Omit the pictures, then reproduce every remaining record exactly.

Provided information Block Start

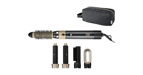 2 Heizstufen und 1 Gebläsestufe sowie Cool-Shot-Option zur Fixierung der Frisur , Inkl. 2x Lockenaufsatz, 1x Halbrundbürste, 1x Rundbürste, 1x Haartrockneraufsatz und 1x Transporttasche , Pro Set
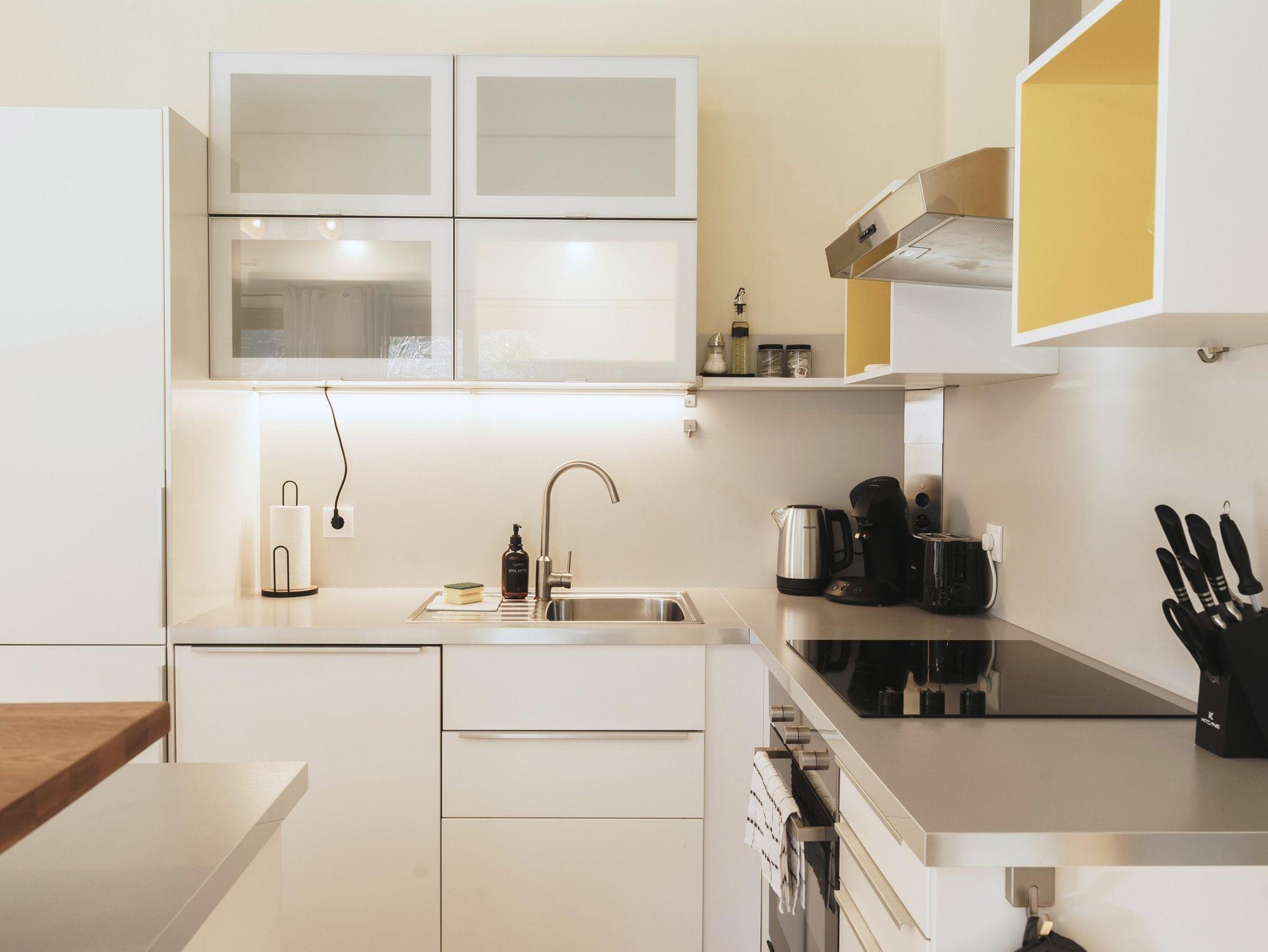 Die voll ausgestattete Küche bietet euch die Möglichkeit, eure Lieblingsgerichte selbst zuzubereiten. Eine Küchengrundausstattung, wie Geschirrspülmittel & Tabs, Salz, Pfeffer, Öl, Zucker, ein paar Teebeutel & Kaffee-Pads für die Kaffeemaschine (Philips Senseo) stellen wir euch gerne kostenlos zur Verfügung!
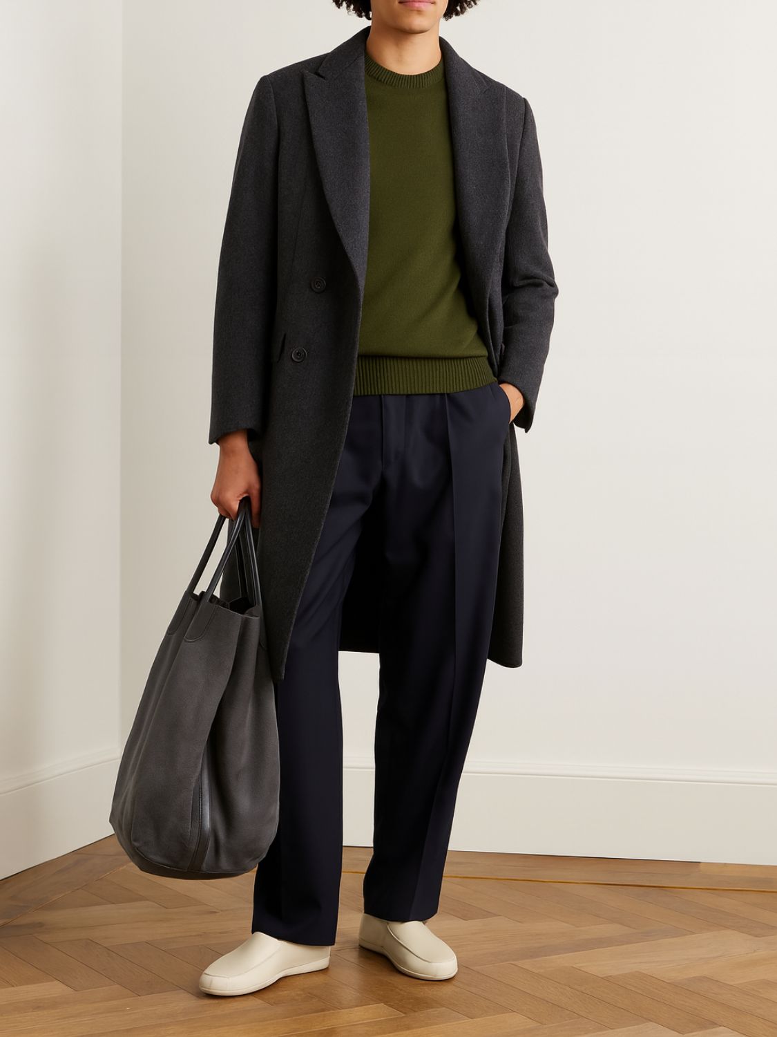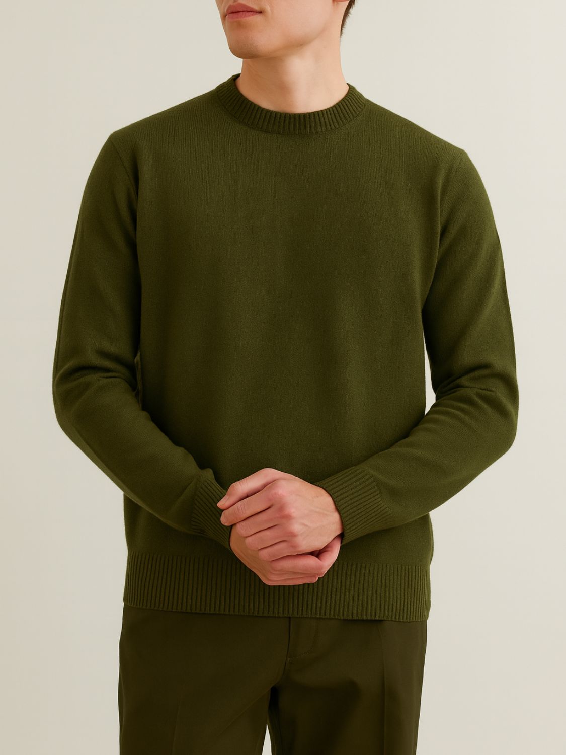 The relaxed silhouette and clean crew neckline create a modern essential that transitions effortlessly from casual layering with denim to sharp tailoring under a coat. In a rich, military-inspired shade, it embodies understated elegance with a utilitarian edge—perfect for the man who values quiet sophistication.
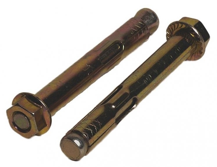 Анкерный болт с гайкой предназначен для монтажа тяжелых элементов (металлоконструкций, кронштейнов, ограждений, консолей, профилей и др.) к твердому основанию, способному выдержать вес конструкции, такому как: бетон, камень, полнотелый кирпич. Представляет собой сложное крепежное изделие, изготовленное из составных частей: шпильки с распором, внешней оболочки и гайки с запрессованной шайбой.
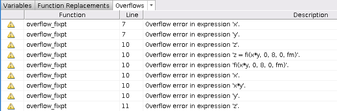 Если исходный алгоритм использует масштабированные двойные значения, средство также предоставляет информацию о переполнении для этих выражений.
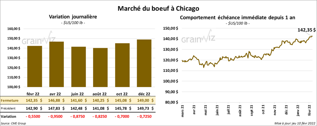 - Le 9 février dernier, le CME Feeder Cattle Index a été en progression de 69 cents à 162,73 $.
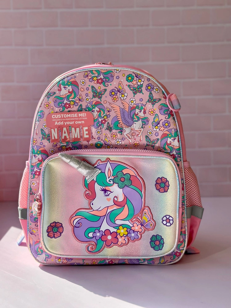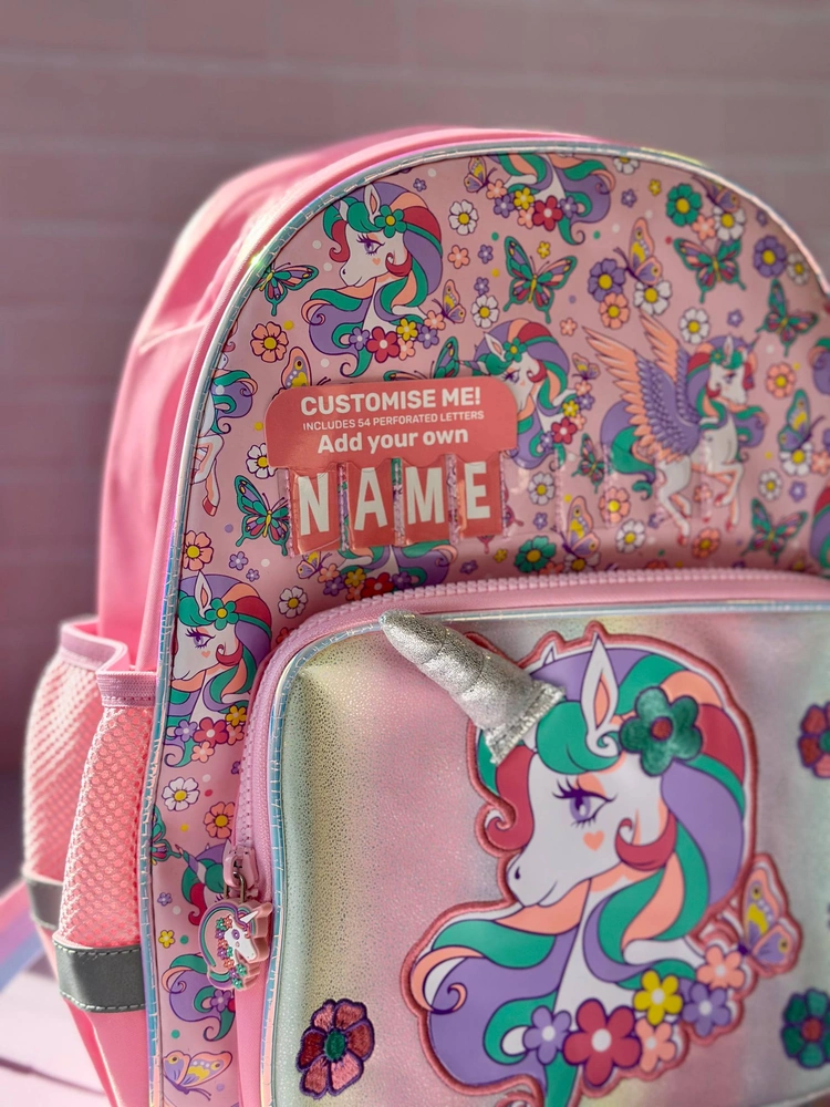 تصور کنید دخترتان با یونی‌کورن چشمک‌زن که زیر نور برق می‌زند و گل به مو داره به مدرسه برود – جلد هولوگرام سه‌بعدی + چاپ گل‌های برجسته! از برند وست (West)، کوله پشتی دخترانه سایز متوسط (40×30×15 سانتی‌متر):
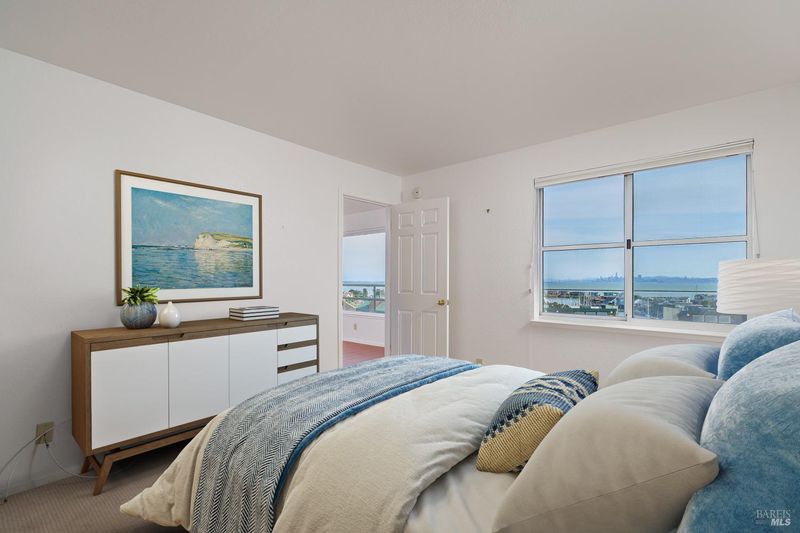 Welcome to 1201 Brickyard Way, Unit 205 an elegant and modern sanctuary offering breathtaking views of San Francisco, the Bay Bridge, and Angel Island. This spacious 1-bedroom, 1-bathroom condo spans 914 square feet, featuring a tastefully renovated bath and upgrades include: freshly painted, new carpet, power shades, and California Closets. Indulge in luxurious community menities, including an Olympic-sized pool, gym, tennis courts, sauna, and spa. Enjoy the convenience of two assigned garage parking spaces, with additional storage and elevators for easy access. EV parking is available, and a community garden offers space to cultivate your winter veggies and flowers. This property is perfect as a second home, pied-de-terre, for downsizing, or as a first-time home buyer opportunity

Provided information Block End

Answer to the problem.
 2 Heizstufen und 1 Gebläsestufe sowie Cool-Shot-Option zur Fixierung der Frisur , Inkl. 2x Lockenaufsatz, 1x Halbrundbürste, 1x Rundbürste, 1x Haartrockneraufsatz und 1x Transporttasche , Pro Set
 Die voll ausgestattete Küche bietet euch die Möglichkeit, eure Lieblingsgerichte selbst zuzubereiten. Eine Küchengrundausstattung, wie Geschirrspülmittel & Tabs, Salz, Pfeffer, Öl, Zucker, ein paar Teebeutel & Kaffee-Pads für die Kaffeemaschine (Philips Senseo) stellen wir euch gerne kostenlos zur Verfügung!
 The relaxed silhouette and clean crew neckline create a modern essential that transitions effortlessly from casual layering with denim to sharp tailoring under a coat. In a rich, military-inspired shade, it embodies understated elegance with a utilitarian edge—perfect for the man who values quiet sophistication.
 Анкерный болт с гайкой предназначен для монтажа тяжелых элементов (металлоконструкций, кронштейнов, ограждений, консолей, профилей и др.) к твердому основанию, способному выдержать вес конструкции, такому как: бетон, камень, полнотелый кирпич. Представляет собой сложное крепежное изделие, изготовленное из составных частей: шпильки с распором, внешней оболочки и гайки с запрессованной шайбой.
 Если исходный алгоритм использует масштабированные двойные значения, средство также предоставляет информацию о переполнении для этих выражений.
 - Le 9 février dernier, le CME Feeder Cattle Index a été en progression de 69 cents à 162,73 $.
 تصور کنید دخترتان با یونی‌کورن چشمک‌زن که زیر نور برق می‌زند و گل به مو داره به مدرسه برود – جلد هولوگرام سه‌بعدی + چاپ گل‌های برجسته! از برند وست (West)، کوله پشتی دخترانه سایز متوسط (40×30×15 سانتی‌متر):
 Welcome to 1201 Brickyard Way, Unit 205 an elegant and modern sanctuary offering breathtaking views of San Francisco, the Bay Bridge, and Angel Island. This spacious 1-bedroom, 1-bathroom condo spans 914 square feet, featuring a tastefully renovated bath and upgrades include: freshly painted, new carpet, power shades, and California Closets. Indulge in luxurious community menities, including an Olympic-sized pool, gym, tennis courts, sauna, and spa. Enjoy the convenience of two assigned garage parking spaces, with additional storage and elevators for easy access. EV parking is available, and a community garden offers space to cultivate your winter veggies and flowers. This property is perfect as a second home, pied-de-terre, for downsizing, or as a first-time home buyer opportunity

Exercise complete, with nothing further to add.